Het woord front wordt in de meest algemene betekenis gebruikt voor de aanduiding van het gevechtsterrein. Dit gebruik stamt uit Wereldoorlog I, toen in de stellingoorlog de vijandelijke krachten in aaneengesloten fronten tegenover elkaar lagen.
(3, meteorologie). Het nauwkeurig onderzoek der atmosferische verschijnselen heeft sinds lang aan het licht gebracht, dat in de atmosfeer warmere en koudere soorten lucht dikwijls vrij scherp aan elkaar grenzen. Het scheidingsvlak (of de overgangslaag) tussen twee luchtsoorten noemt men een frontvlak. Zulk een frontvlak staat niet verticaal als een muur, doch ligt meest met een flauwe helling zodanig, dat de koudere lucht als een wigvormige laag onder de warmere geschoven ligt. Doet men van de koudere lucht uit een verticale opstijging, dan komt men dus bij het passeren van het frontvlak van een koudere in een iets warmere soort lucht; binnen elk der beide luchtsoorten afzonderlijk neemt de temperatuur naar boven toe af, doch in de overgangslaag houdt deze daling even op of treedt een temperatuurtoeneming (frontvlakinversie) daartussen.

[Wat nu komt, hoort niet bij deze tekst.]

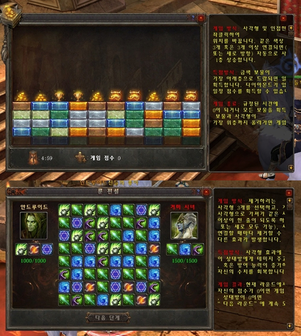 ... 우선 티르팡은 모바일 게임 애니팡과 유사한 형태의 미니게임이다. 하지만 단순히 그림만 맞추는 형태가 아닌 MMORPG에 등장하는 공격 또는 회복 스킬들로 블럭을 구성해 해당 효과로 대결을 펼치는 형태로 NPC나 유저와 1대1 대전해 보상으로 명예치를 획득가능하다. 벽돌깨기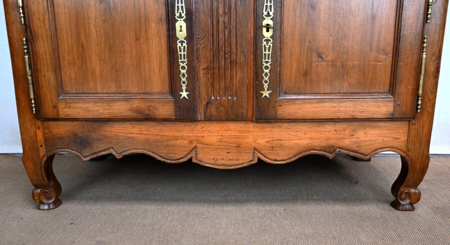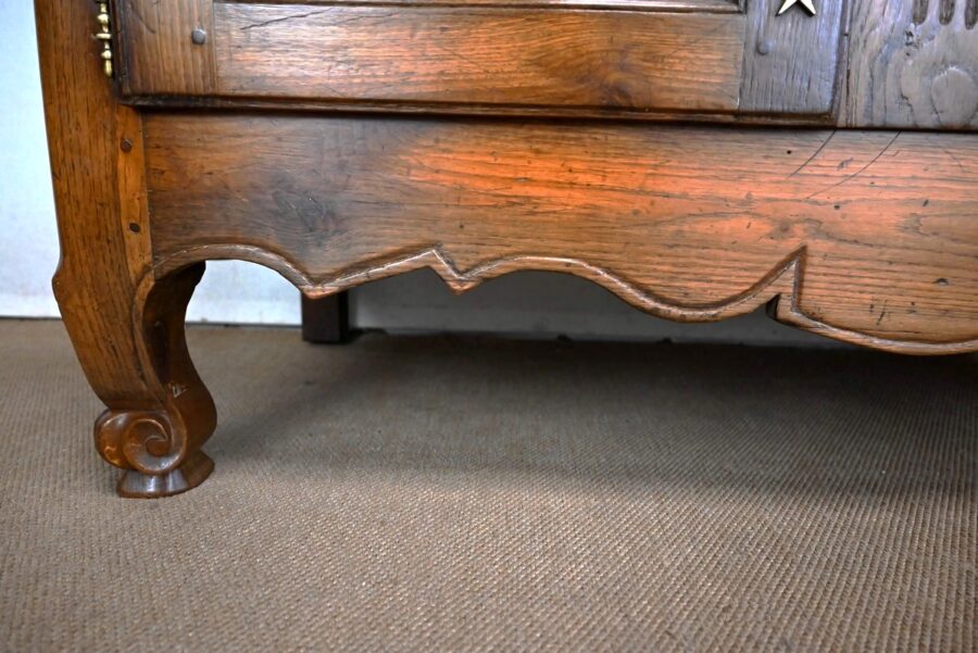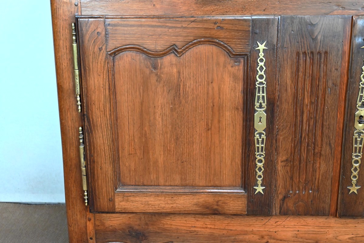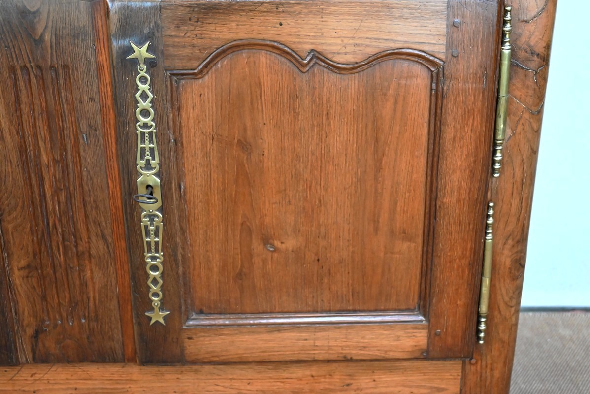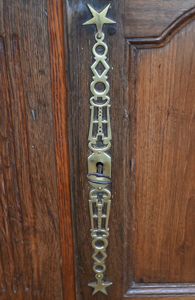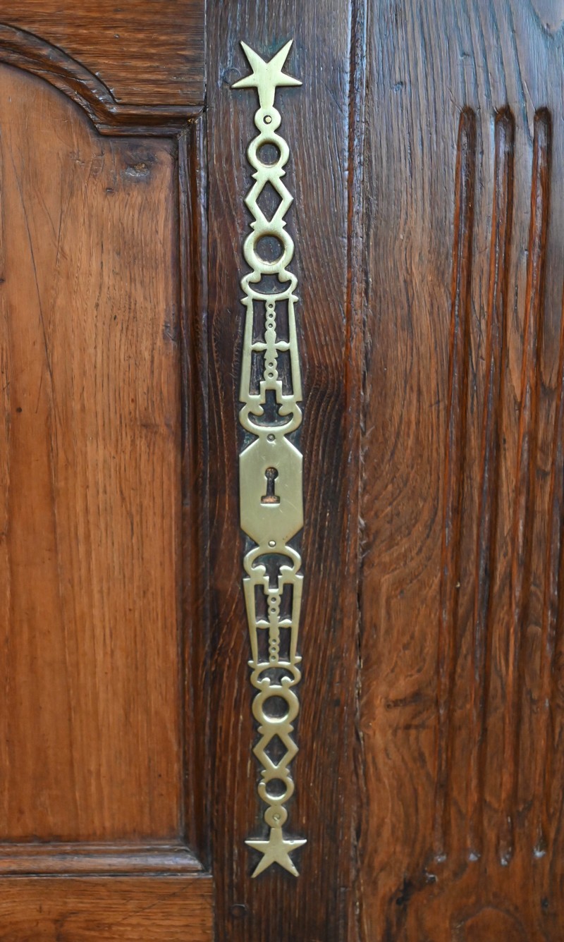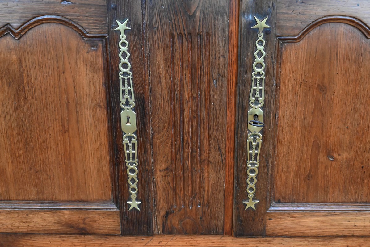 Elles s’ouvrent sur deux fiches en applique et sont munies d’une serrure fonctionnelle avec clé et d’une grande entrée étoile en laiton ajouré. Tous ces éléments sont d’origine.

Het frontvlak is veelal gekenmerkt door sterke bewolking, dikwijls ook gepaard gaande met regen; een en ander als gevolg van het feit dat dikwijls de warmere lucht een stijgende beweging langs het frontvlak uitvoert, hetzij doordat zij langzaam tegen de wig van koude lucht opglijdt (warmtefrontvlak; zie hieronder), hetzij dat de wig van koude lucht vooruitdringt onder de warmere lucht en haar optilt (koufrontvlak). De snijlijn van een frontvlak met de aarde noemt men front. Verschuift een front zo, dat een waarnemer, als het front hem passeert, van de koudere in de warmere lucht komt, dan spreekt men van een warmtefront. In het omgekeerde geval van een koufront). Uit wat boven gezegd werd volgt, dat bij een warmtefront de regen vooral voor het front valt en bij een koufront vooral er achter. Een koufront staat vaak steiler en de regen valt daar veelal in buien, gevolgd door opklaring.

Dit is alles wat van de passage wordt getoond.